Categories
Ideas

A portable door jamb?

We used the vertical part of closet doors, the door jambs, for charting how tall we all were getting.

story-tapeOur family owned the same house for more than thirty years. We used the vertical part of closet doors, the door jambs, for charting how tall we all were getting. Probably twice a year, using a book and a pencil, our Dad would officiate the measurement using a dash mark, our name, and the date.

Nowadays, the population in the States is more likely to grow up in a few different homes. Here’re a couple of options that work as portable door jambs.
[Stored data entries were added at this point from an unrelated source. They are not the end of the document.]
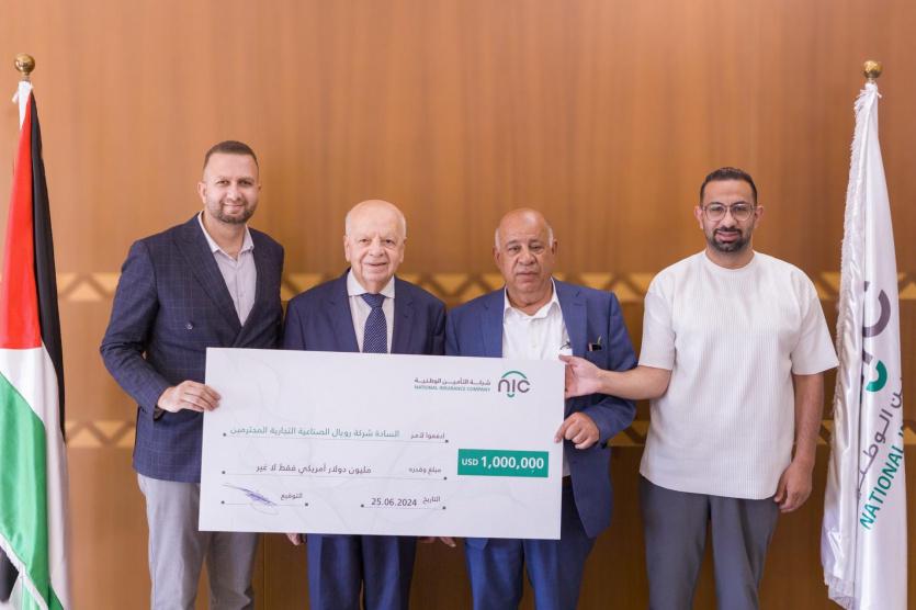 وقد تسلم رئيس مجلس إدارة شركة رويال الصناعية التجارية، الحاج نبيل الزُغير، الشيك بقيمة مليون دولار في مقر شركة التأمين الوطنية في رام الله. وأعرب عن امتنانه لشركة التأمين الوطنية (NIC) وفريقها على مبادرتهم للموافقة على طلب الشركة دفع هذا المبلغ قبل اكتمال الأوراق ومتابعتهم للحادث بمهنية عالية. وأضاف: "نحن سعداء جداً بالتعامل مع شركة التأمين الوطنية (NIC) ونؤكد أننا سنستمر في العمل مع هذه الشركة العريقة التي تعمل بمصداقية وشفافية ومهنية."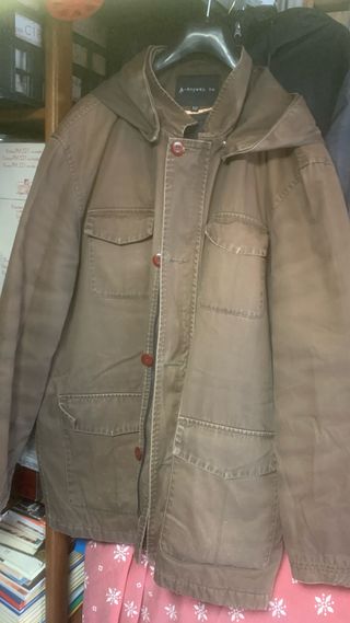 Giacca da uomo in cotone di colore marrone. - Taglia 52 - Chiusura con bottoni - Cappuccio - Tasche frontali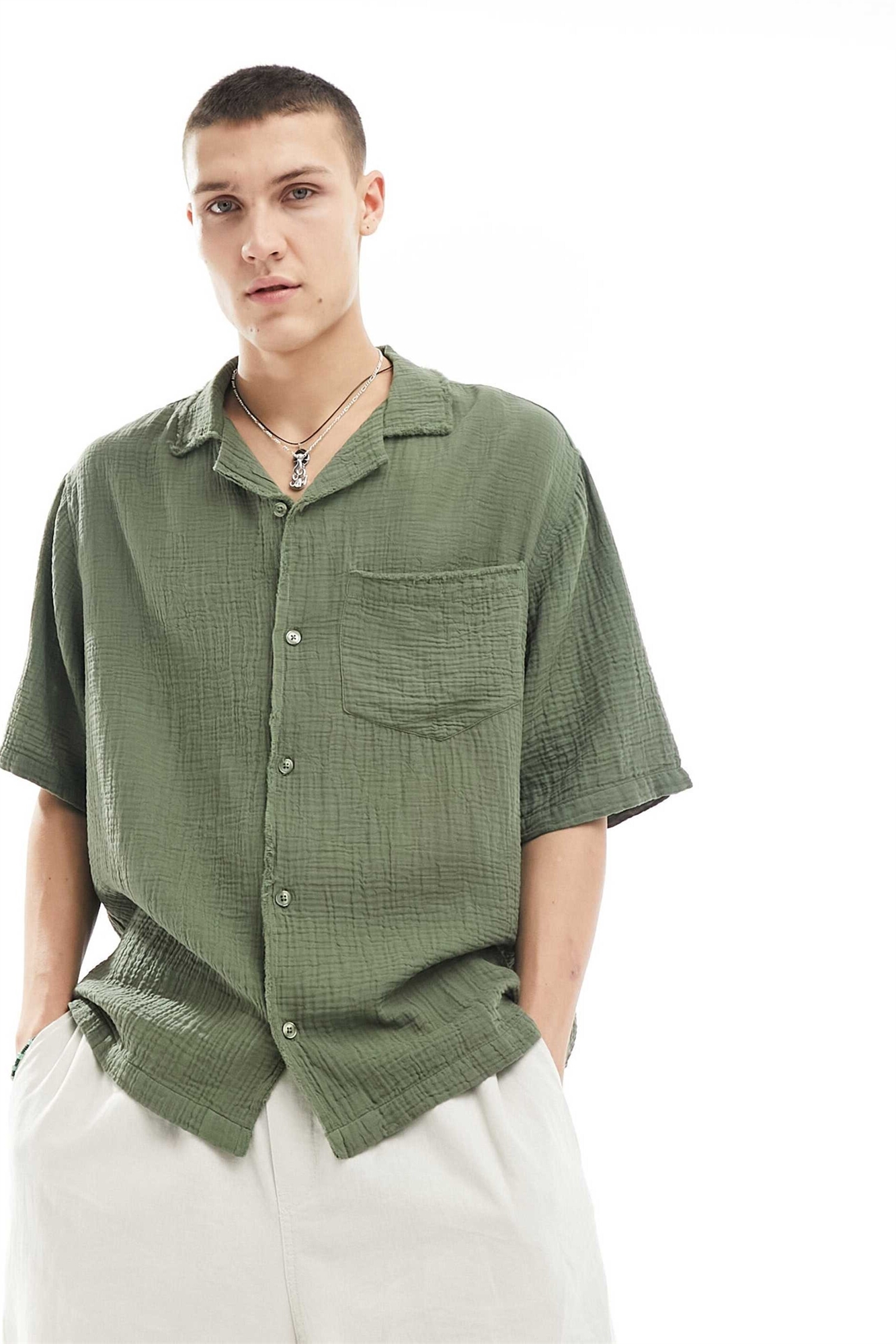 Рубашка свободного кроя с воротником-ревер и текстурированной поверхностью, с короткими рукавами и необработанными швами
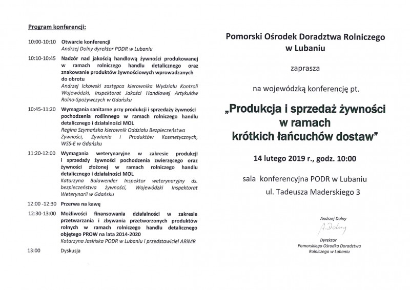 Zaproszenie na konferencję ,,Produkcja i sprzedaż żywności''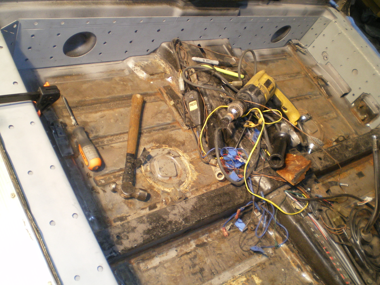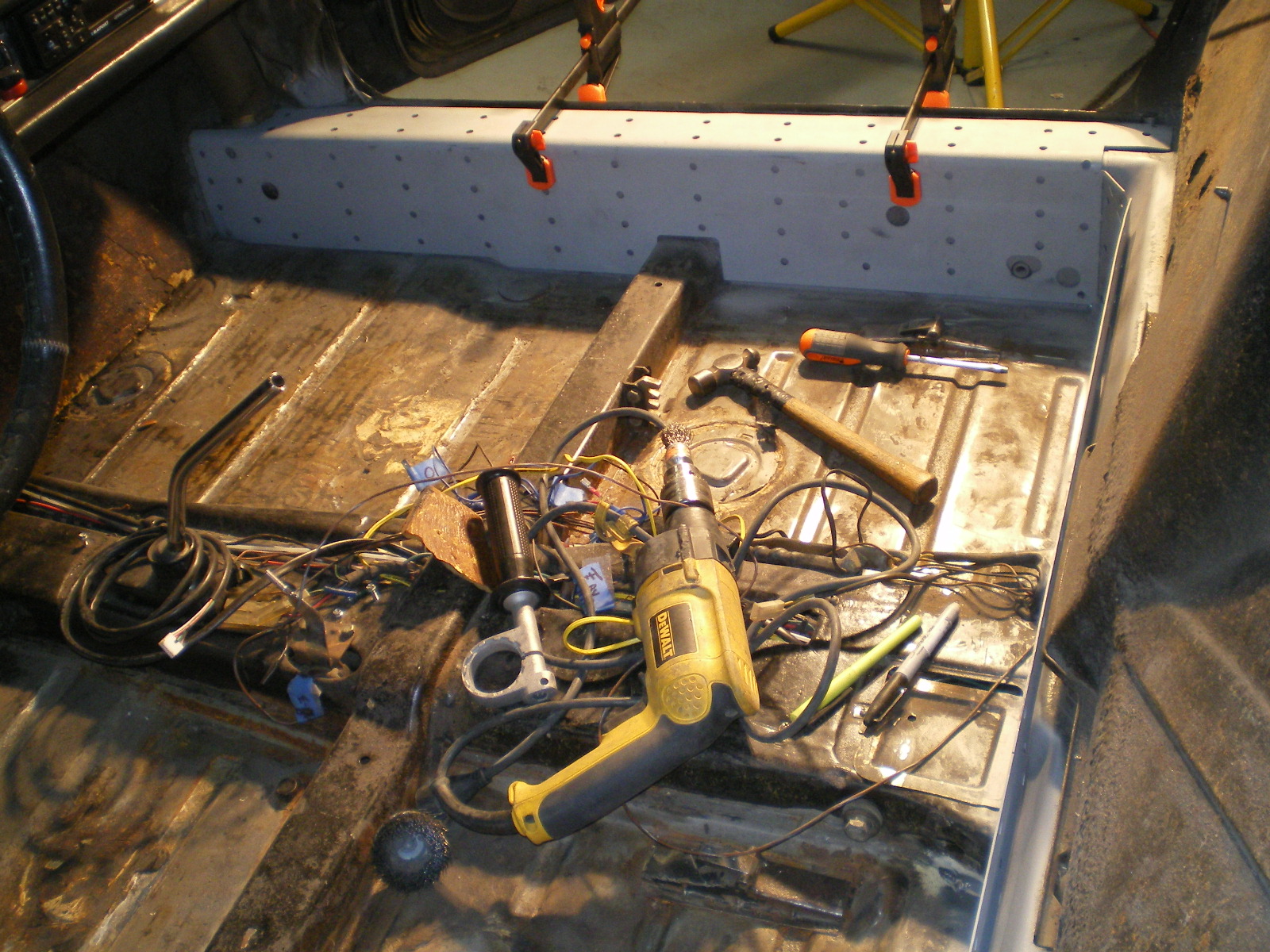 Now that this Artic cold spell has passed I was able to get a few hours in towards installing the stiffies. I think that sounds current, don't you? I mean no one says vegetables anymore. It's always veggies. So why should they be called stiffners. I suppose one would have to be careful and reference each as a "right or left' stiffie while never using the generic term "a long stiffie". I decided before I began welding I should prep the floors for paint. I pulled the pedal assm and it was junky looking but not as bad as it looks here. It will clean up nicely should it be needed.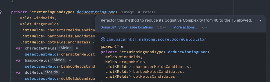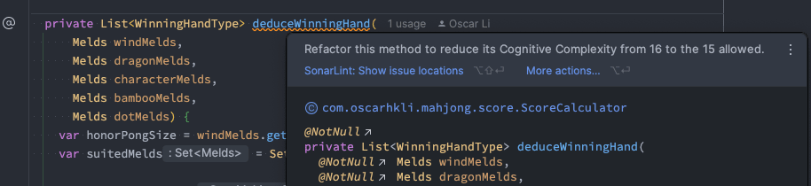 As an Agile practitioner, Testing-Driven Development (TDD) was naturally one of my techiques for developing the application. I continuously added test cases (Red), implemented the smallest possible piece of code to pass the tests (Green), and made a slight refactoring afterward (Blue). The diverse winning conditions inevitably led to a situation: if, for and while statements were scattered everywhere. Eventually, the cognitive complexity reached 40, exceeding SonarQube’s recommended limit of 15.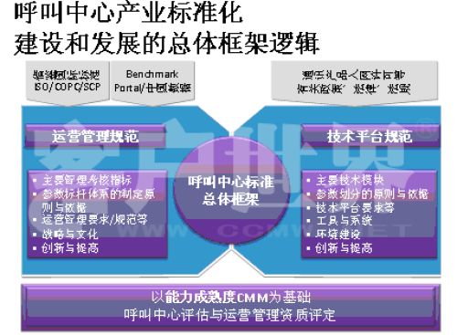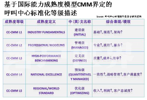 Markets)呼叫中心產(chǎn)業(yè)深入研究相結(jié)合的成果。。我在前幾年企業(yè)實施標(biāo)準(zhǔn)的時候深入研究了這套模型,這套模型對我們呼叫中心產(chǎn)業(yè)有極大的適用性,幾乎每個呼叫中心都可以在這套模型找到定位,從一個渾沌的初始過程到管理者,如果能夠建設(shè)一個持續(xù)的管控的流程到定義級,如何進行一致化管理,再到預(yù)知級,幾乎每個呼叫中心從大到小,從年輕到發(fā)展一段時間都可以找到自己的定位,所以我們在原來的信息產(chǎn)業(yè)指導(dǎo)委員會的支持下,我們重新結(jié)合CMM模型開發(fā)出了符合我們呼叫中心發(fā)展的一個標(biāo)準(zhǔn),我建議大家把它看成是一個模型,整個國際產(chǎn)業(yè)都定性了標(biāo)準(zhǔn),因為大家都知道CMM模型是一個開放性的知識體系,并不是一個封閉標(biāo)準(zhǔn)。CMM模型,首先你的呼叫中心建設(shè)要能夠符合呼叫中心的定義,不是找?guī)着_話機或?qū)ν庥袀一個客服號碼對外就能稱為呼叫中心。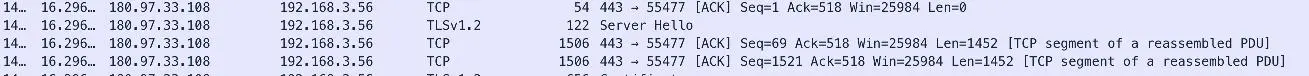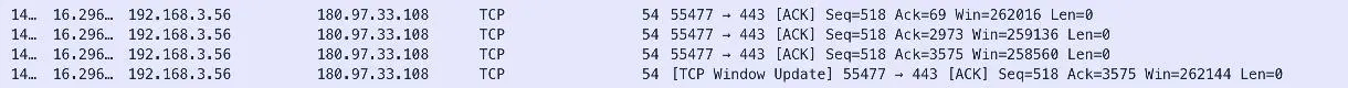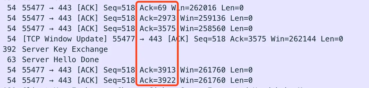 可以看到A向B连续发了3条数据,但是回应B的ACK没有变,也就是说都是回应同一个B的同一个响应,但是A自己的seq更新了3次,先是1,然后是69最后是1521,说明这三个包是连续发出去的,实际上只要当前数据包的大小不超过对方的window大小,就可以连续发的,接着看: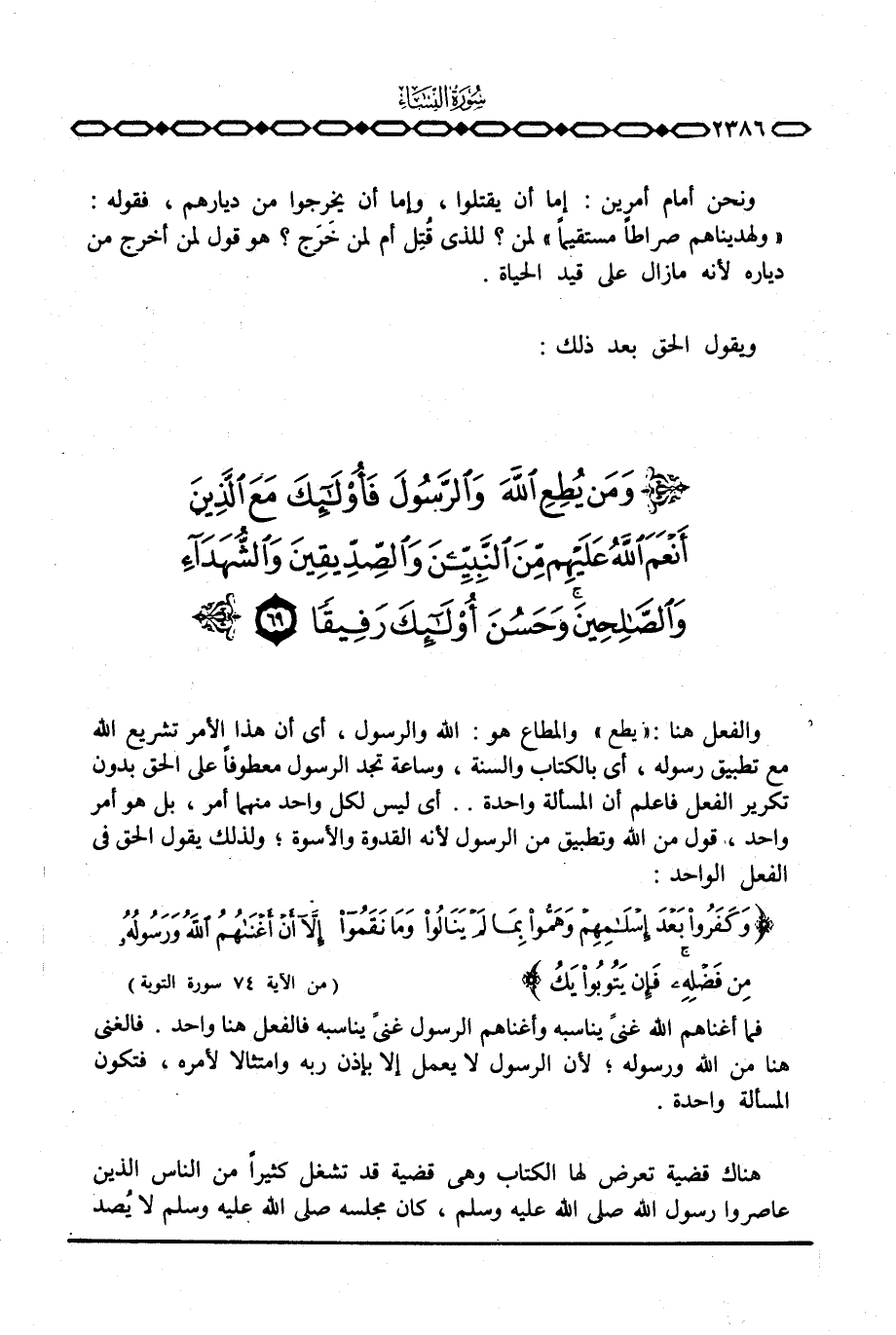 والفعل هنا: «يطع» والمطاع هو: الله والرسول، أي أن هذا الأمر تشريع الله مع تطبيق رسوله، أي بالكتاب والسنة، وساعة تجد الرسول معطوفاً على الحق بدون تكرير الفعل فاعلم أن المسألة واحدة. . أي ليس لكل واحد منهما أمر، بل هو أمر واحد، قول من الله وتطبيق من الرسول لأنه القدوة والأسوة؛ ولذلك يقول الحق في الفعل الواحد: {وَكَفَرُواْ بَعْدَ إِسْلاَمِهِمْ وَهَمُّواْ بِمَا لَمْ يَنَالُواْ وَمَا نقموا إِلاَّ أَنْ أَغْنَاهُمُ الله وَرَسُولُهُ مِن فَضْلِهِ فَإِن يَتُوبُواْ يَكُ} [التوبة: 74] .

One is a tape measure that’s blank, without anything written on the tape part. So periodically put the blank tape against a permanent door jamb and put a dash, the kid’s name, and the date straight onto the tape with a sharpie. When you move you have a memory device that can easily move with you. It’s called a story tape and costs about six bucks. The outside of the case is blank too so you can label it.

Another option is a six-foot wooden measuring stick that’s made for recording kids’ growth. It’s a low tech version of the blank tape measure but a little harder to move to a new house because it’s basically a six-foot long ruler. And it seems expensive at $78. It’s called a growth chart ruler.

Whether you use the old-fashioned door jamb, a story tape, or a growth chart ruler kids and parents can still marvel at kids growing when it’s often hard to tell day-to-day.